To him we owe such things as his analysis of religion and the turn to modernity in nineteenth-century Japan (Bellah 1957); a twentieth-century version of the idea of civil religion and its use in understanding American society (Bellah 1967: 1–21); an elaboration of the idea of symbolic realism (Bellah 1970); and his widely cited article, “Religious Evolution” (Bellah 1964: 358–75). These and many other items constitute a major oeuvre among scholars and researchers in the sociology of religion coming of age professionally in the mid-twentieth century.
Religion in Human Evolution has been described as Bellah's magnum opus (Wolfe 2011: 1). There is no doubt that it is a book that displays a sweep of learning and an effort to organize literatures ranging over the social sciences, the humanities and the physical and life sciences. In the first part the reader is asked to consider cosmology and evolution according to Bellah. In the second part he lays out tribal and archaic religion as precursor types and then moves on to the civilizations of the Axial Age: Ancient Israel, Ancient Greece, China in the Late First Millennium BCE and Ancient India.
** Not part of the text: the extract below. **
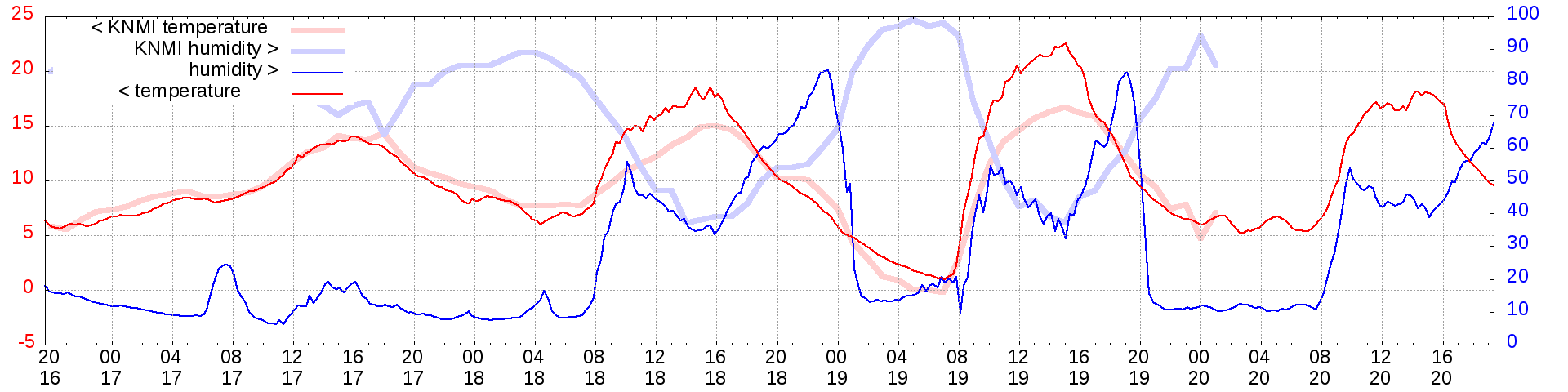 Temperature and humidity measurements of the last 2 weeks:
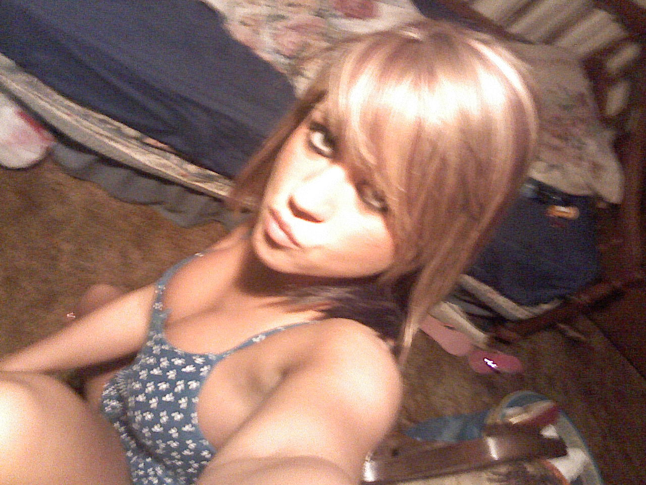 Dan Dan Brian atomicfrog mirror selfshot blonde cleavage tattoo tanned cute downblouse amateur busty tanktop jeans legs handbra smile lips tease young sweat trackpants cheerleader armpits

While not described as such, a Guttman-like progression characterizes Bellah's description of religions, from tribal to those of the Axial Age. New things appear, but nothing is lost. Tribal religion—the earliest type—is undifferentiated from the society in which it is expressed. Archaic religion entails the appearance of differentiated religious symbol systems and cultic practices, and the entwinement of meaning (god) and power (king) in stratified societies (rulers and ruled). In the Axial Age, the idea of transcendence and immanence occurs along with the force of critique that, via observation from a standpoint (usually preserved in writing), can support the persistence of imminent good or the need for change.